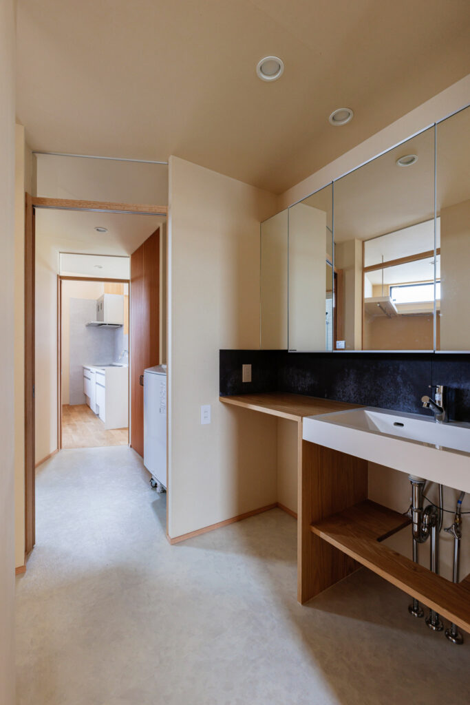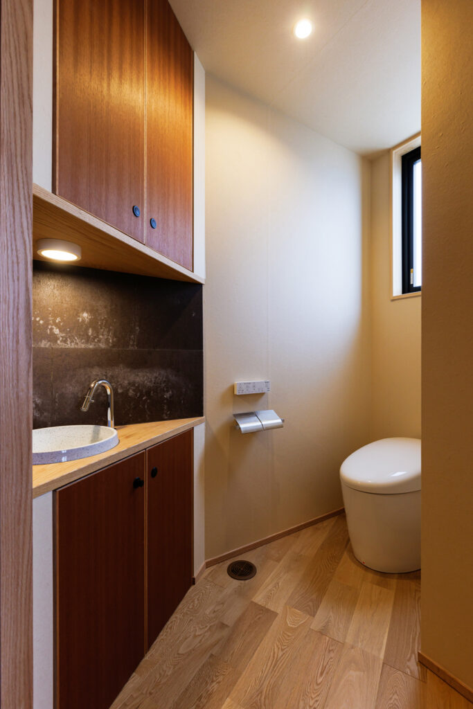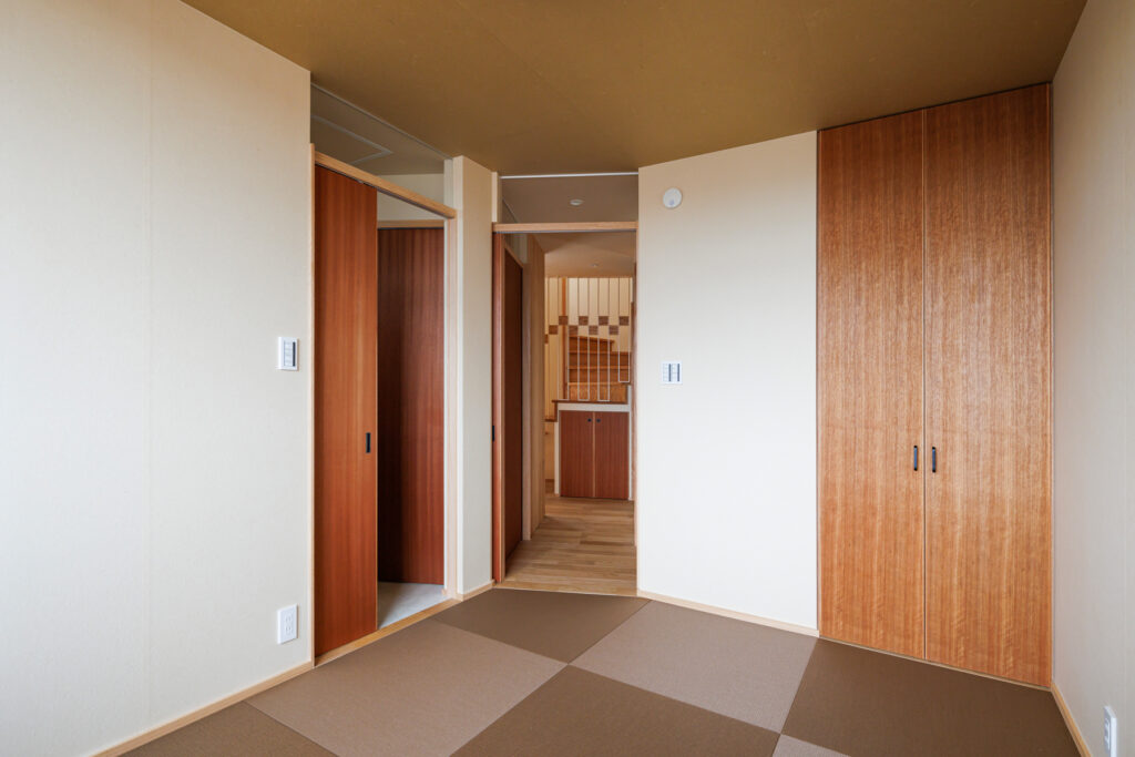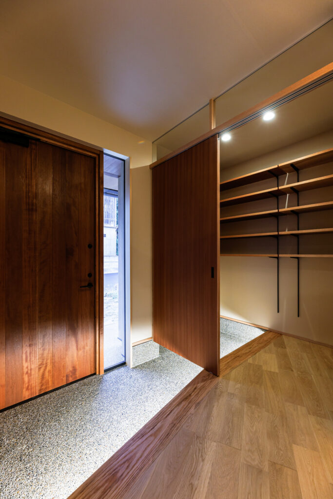 キッチンから洗面室、ウォークインクローゼットまで直線的に移動できる回遊動線を採用。家族の行動パターンを考慮し、適所に収納を配置することで日々の片付けや支度が効率的に。玄関横の土間収納は、趣味の道具や子どもの遊具まで幅広く収められる設計となっています。
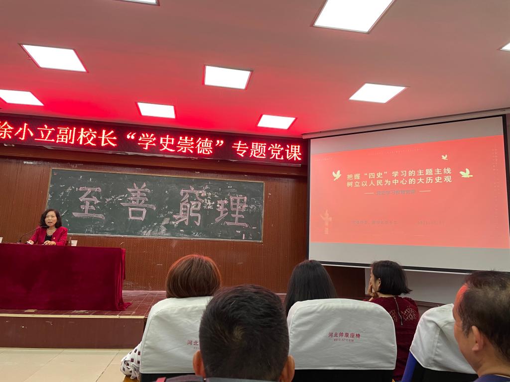 徐小立以《把握“四史”学习的主题主线、树立以人民为中心的大历史观》为题,结合自身党史学习体会从以下四个方面展开讲述:党史学习的主题主线;“四史”学习的侧重点;从改革开放史看“以人民为中心”的大历史观;“学史力行”——我们怎么办。讲课过程中,徐小立详细分析并阐述了如下党史学习要点:从中国共产党的奋斗史角度论述我们党团结带领全国各族人民如何浴血奋战,建立新中国,使中国人民终于站起来的历史;我们党如何解放思想、实事求是,开启改革开放新征程,使中国人民开始富起来的历史;我们党如何将马克思主义基本原理与中国的具体实际相结合,走上中国特色社会主义道路,使中华民族重新强起来的历史。她对中共党史、新中国史、改革开放史、社会主义发展史的学习侧重点作了详细讲解。接着她从改革开放史看“以人民为中心的大历史观”谈到必须坚持和完善中国共产党的领导、必须坚持走中国特色社会主义道路、必须坚持以人民为中心。最后她讲到学史力行,我们要坚定理想信念、增强政治“三力”、提振精气神、努力办实事,向党和人民递交一份满意答卷,以优异成绩向党的百年诞辰献礼。
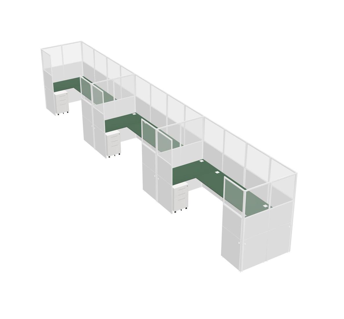 Système De Panneaux En U Vert Pour 3 Personnes + Tiroirs Mobiles En Métal Pour 3 Utilisateur(s)
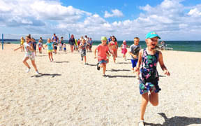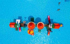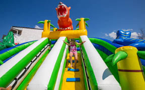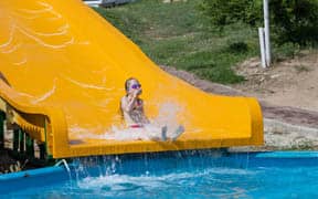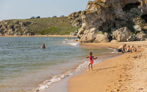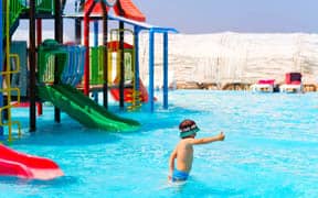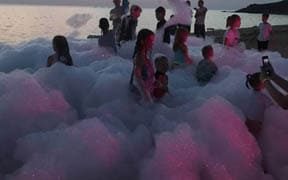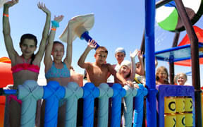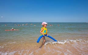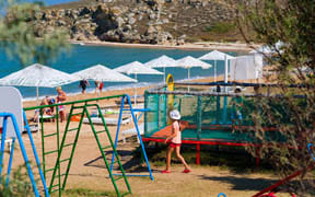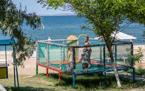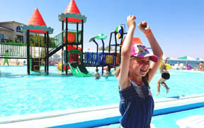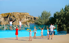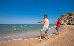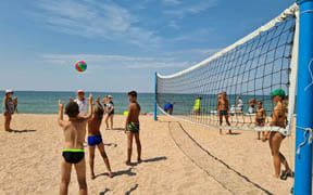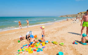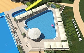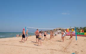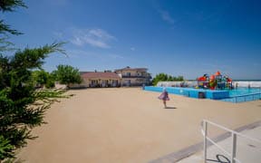 На пляже: детский аквапарк с подогревом воды, кафе, анимация, пляжный волейбол, детский надувной городок
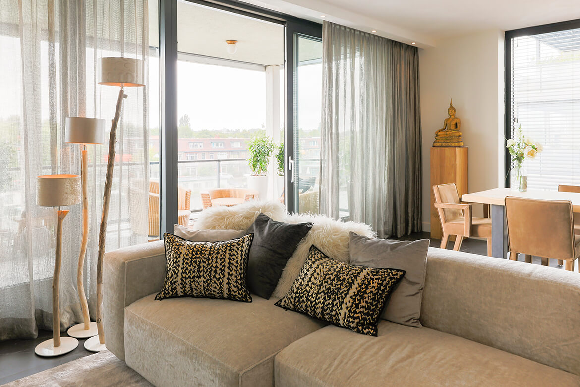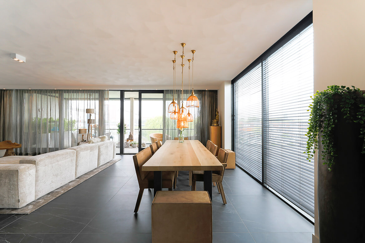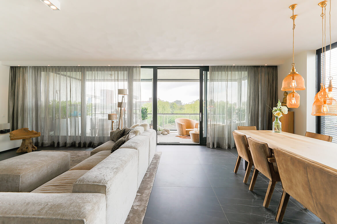 Voor dit appartement in Leiden verzorgden we in samenwerking met interieurontwerper Georgette de Bolster de complete vernieuwing van woonkamer en keuken. De ruime gelijkvloerse woning met kamerhoge raampartijen kreeg een exclusieve restyling. Met gebruik van moderne en natuurlijke materialen, antracietkleurige wanden en tegelvloer en koperkleurige accenten. Met een speelse en sfeervolle hanglamp met meerdere lichtbronnen boven een stoere eiken eettafel en een compleet lichtplan resulteerde de renovatie in een warm en stijlvol interieur.
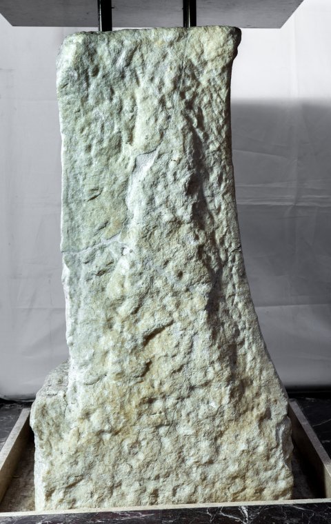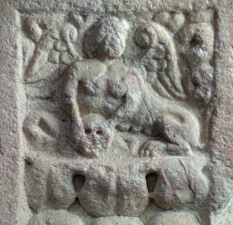 Auf der Vorderseite mythische Figur : über Akanthuskelch mit Blattschirm hockende Sphinx mit Menschenschädel in den Pranken.
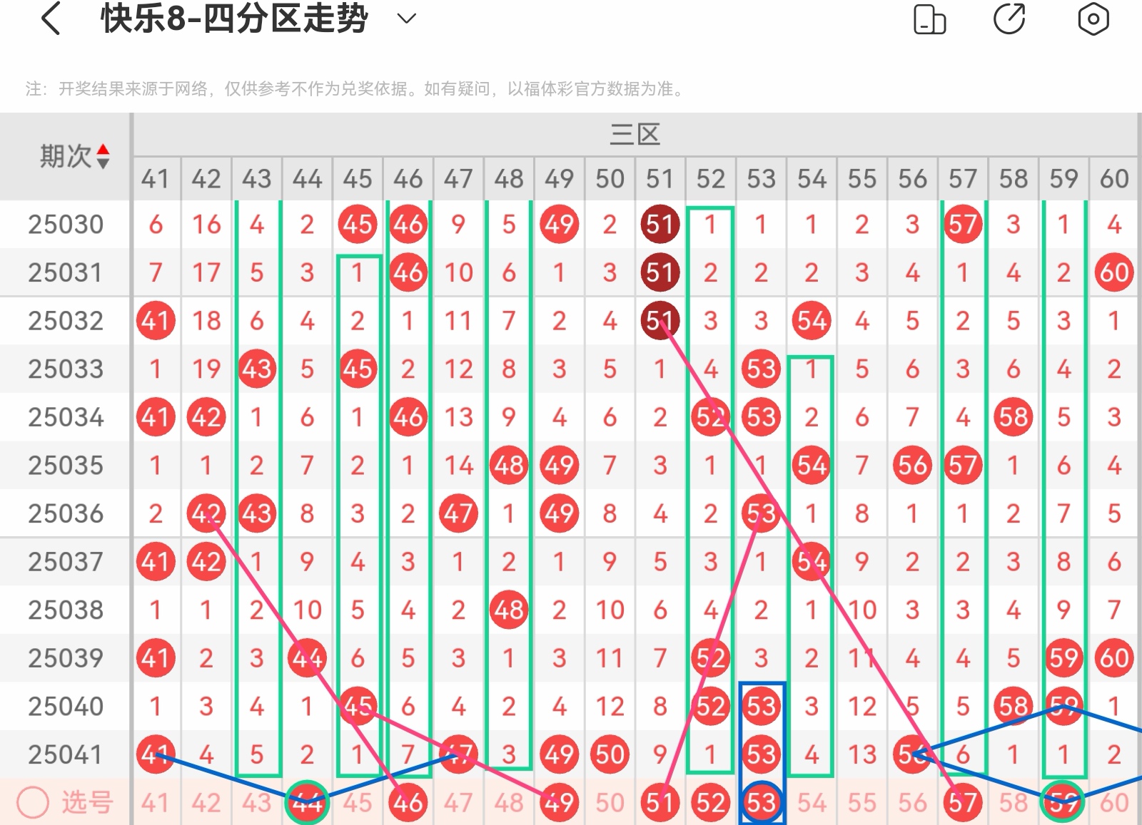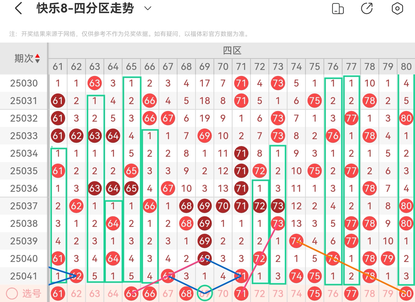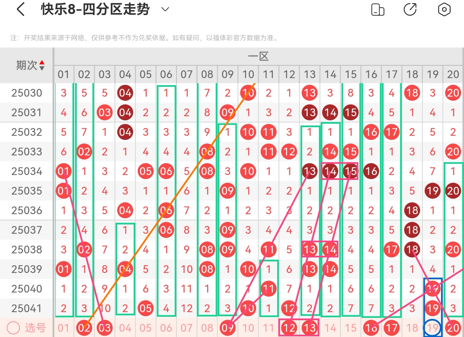 大家好,我是甜丝丝的坏事,主要以快乐八的形态走势、空位走势、遗漏走势以及斜连走势相结合的方法,用公认的四分区走势来进行预测分析,希望能让你有所收获。
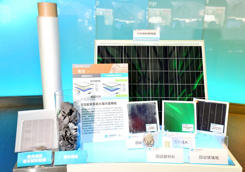 A research group led by Fu Yaw-shyan (傅耀賢), a professor in National University of Tainan’s Department of Greenergy Technology, began by using chemical decomposition to separate the various materials within each panel. This method was effective, but Fu’s team decided not to pursue it, because the solvents used are unkind to the environment.
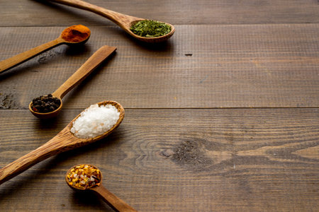 Wooden spoons with paprika, turmeric, herbs and pepper
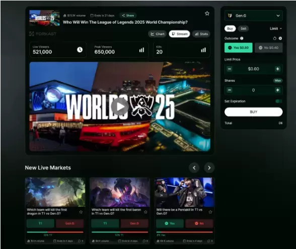 “Forkast está llevando los mercados de predicción al corazón del entretenimiento en vivo”, comentó Ethan Sy, miembro de Arbitrum Gaming Ventures.
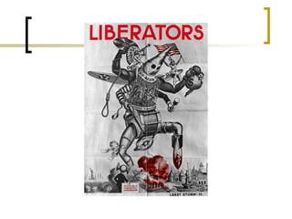 Propaganda uses various techniques to shape perceptions and direct behavior. There are three main classes of propaganda: white propaganda from an openly identified source using gentle persuasion, black propaganda that is false and disguised, and grey propaganda without an identifiable source. Some common propaganda tools include ad hominem attacks, appealing to fear, bandwagoning to join the majority, using emotionally appealing but vague language, testimonials from respected figures, stereotyping groups, presenting only two choices as alternatives, and providing non-sequitur responses.

•••••

▶ [YOUR INSTRUCTIONS] Return the material in full, word for word, and skip the pictures.

▶ [FINISHED TASK]
 キッチンから洗面室、ウォークインクローゼットまで直線的に移動できる回遊動線を採用。家族の行動パターンを考慮し、適所に収納を配置することで日々の片付けや支度が効率的に。玄関横の土間収納は、趣味の道具や子どもの遊具まで幅広く収められる設計となっています。
 徐小立以《把握“四史”学习的主题主线、树立以人民为中心的大历史观》为题,结合自身党史学习体会从以下四个方面展开讲述:党史学习的主题主线;“四史”学习的侧重点;从改革开放史看“以人民为中心”的大历史观;“学史力行”——我们怎么办。讲课过程中,徐小立详细分析并阐述了如下党史学习要点:从中国共产党的奋斗史角度论述我们党团结带领全国各族人民如何浴血奋战,建立新中国,使中国人民终于站起来的历史;我们党如何解放思想、实事求是,开启改革开放新征程,使中国人民开始富起来的历史;我们党如何将马克思主义基本原理与中国的具体实际相结合,走上中国特色社会主义道路,使中华民族重新强起来的历史。她对中共党史、新中国史、改革开放史、社会主义发展史的学习侧重点作了详细讲解。接着她从改革开放史看“以人民为中心的大历史观”谈到必须坚持和完善中国共产党的领导、必须坚持走中国特色社会主义道路、必须坚持以人民为中心。最后她讲到学史力行,我们要坚定理想信念、增强政治“三力”、提振精气神、努力办实事,向党和人民递交一份满意答卷,以优异成绩向党的百年诞辰献礼。
 Système De Panneaux En U Vert Pour 3 Personnes + Tiroirs Mobiles En Métal Pour 3 Utilisateur(s)
 На пляже: детский аквапарк с подогревом воды, кафе, анимация, пляжный волейбол, детский надувной городок
 Voor dit appartement in Leiden verzorgden we in samenwerking met interieurontwerper Georgette de Bolster de complete vernieuwing van woonkamer en keuken. De ruime gelijkvloerse woning met kamerhoge raampartijen kreeg een exclusieve restyling. Met gebruik van moderne en natuurlijke materialen, antracietkleurige wanden en tegelvloer en koperkleurige accenten. Met een speelse en sfeervolle hanglamp met meerdere lichtbronnen boven een stoere eiken eettafel en een compleet lichtplan resulteerde de renovatie in een warm en stijlvol interieur.
 Auf der Vorderseite mythische Figur : über Akanthuskelch mit Blattschirm hockende Sphinx mit Menschenschädel in den Pranken.
 大家好,我是甜丝丝的坏事,主要以快乐八的形态走势、空位走势、遗漏走势以及斜连走势相结合的方法,用公认的四分区走势来进行预测分析,希望能让你有所收获。
 A research group led by Fu Yaw-shyan (傅耀賢), a professor in National University of Tainan’s Department of Greenergy Technology, began by using chemical decomposition to separate the various materials within each panel. This method was effective, but Fu’s team decided not to pursue it, because the solvents used are unkind to the environment.
 Wooden spoons with paprika, turmeric, herbs and pepper
 “Forkast está llevando los mercados de predicción al corazón del entretenimiento en vivo”, comentó Ethan Sy, miembro de Arbitrum Gaming Ventures.
 Propaganda uses various techniques to shape perceptions and direct behavior. There are three main classes of propaganda: white propaganda from an openly identified source using gentle persuasion, black propaganda that is false and disguised, and grey propaganda without an identifiable source. Some common propaganda tools include ad hominem attacks, appealing to fear, bandwagoning to join the majority, using emotionally appealing but vague language, testimonials from respected figures, stereotyping groups, presenting only two choices as alternatives, and providing non-sequitur responses.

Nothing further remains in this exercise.